Ode To Golf

Arnold Palmer was the king of Golf in the early 1960’s before Jack Nicklaus came along and wrestled adulation away from him. Palmer’s legion of fans used to follow him to all the tournaments he played in. They were called “Arnie’s Army”. Being no more than ten years old, I worshiped him from afar watching him on television. On Sundays, if none of my siblings had grabbed the old black and white tv set first, I’d flip on a golf game because there was no baseball action during the period from January through March. In the early part of the afternoon, the ABC network would always seem to be broadcasting an NBA game involving the Boston Celtics and New York Knicks or Philadelphia Seventy-Sixers on the parquet floor in Beantown . By 3pm the golf matches were aired.

Basketball required a constant paying attention to the action on the court. Golf was more relaxing. But with basketball, the game was easier to understand- put the ball in the basket and get two points. The camera was capable of showing almost half the court so it was easy to pick up on the situation for both the offense and defense. With golf, it was the player against someone else that he did not have to square off against. And there was that element of going against the course itself. There was no standard size to an eighteen hole golf course nor length to each hole. But, a basket hoop was always the same number of feet above the ground and the foul line painted the same distance from the hoop.

Taking this all in, it was pretty obvious then for a nascent teen to begin to lose interest in golf and concentrate on the games he could readily play outside his house or at a park down the block or so away. The fate accompli was when Palmer began to fade from the limelight. Nicklaus never seemed to have the telegenic look or grace of Arnie.
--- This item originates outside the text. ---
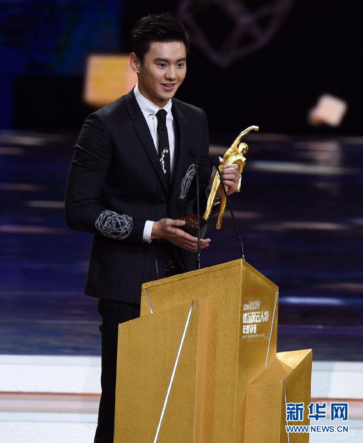 Swimming athlete Ning Zetao poses with trophy at the awarding ceremony of the 2014 Sports Personality of the Year after he was awarded the Best Male Athlete of the year, in Beijing, capital of China, on Feb. 1, 2015. (Source: Xinhuanet.com)
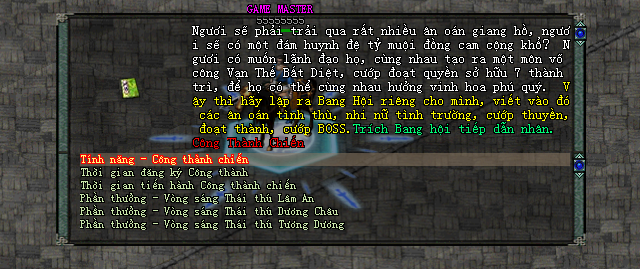 Bang chủ của Bang này sẽ trở thành một trong Thất đại thành chủ, được quyền định giá các vật phẩm NPC, thiết định thuế suất, thụ hưởng hồng lợi trong thành.

I can’t tell you the names of the guys who started winning all the big tournaments until Tiger What’s-his-face became famous. Well, there was one guy I do remember- Chi Chi Rodriguez- only because he used to poke his golf club around like a sword if he won a tourney. I didn’t watch the contests, mind you- I saw the swordplay on the sports roundup during the late night news.

My brother tried to get me interested when he was in his mid twenties after our brother-in-law gave him some of his older clubs. My brother-in-law was required to be a golfing fanatic because he was a doctor. It was part of the Hippocratic oath, I understand. My brother, a commoner so to speak, took me with him to a not-so-fancy golf course and told me how to hold the club and hit the ball at the first hole. I hacked away and did just a terrible job of moving the little sucker, so much so that I began to use four letter words to express my frustration. He told me that I couldn’t do that. I asked him why and he told me because it was a golf course. I said something like “big deal” and indicated that it was the last time he would be seeing me holding a club trying to swing it to hit a little ball. He agreed that it was a good idea to look for another hobby.

I used to play tennis, too, with my brother-in-law in the 1980’s. Being a doctor, he was much better at it than me. At least, I thought it was the reason. We joined a fancy indoor tennis club so we could play during the fall and winter. I think I beat him once out of about fifty matches. Then, I quit the indoor racket (ha, ha) – not because I couldn’t stand losing but because I couldn’t stand the sight of fat, bald men walking around the locker room with less than a towel around their waist talking to each other and telling jokes.

I quit playing tennis for good after I convinced a young lady who was in her early twenties and thirteen years my junior to have a match. I figured I was going to make up for the humiliation Bobby Riggs suffered when he lost that famous match to Billie Jean King. All I can say is that Bobby fared better than I did.

I used to play miniature golf on social outings but then I retired from social outings. So, if anyone wants to challenge me to a round of miniature golf I’m willing to come out of retirement but I cannot promise what I’ll say if you beat me.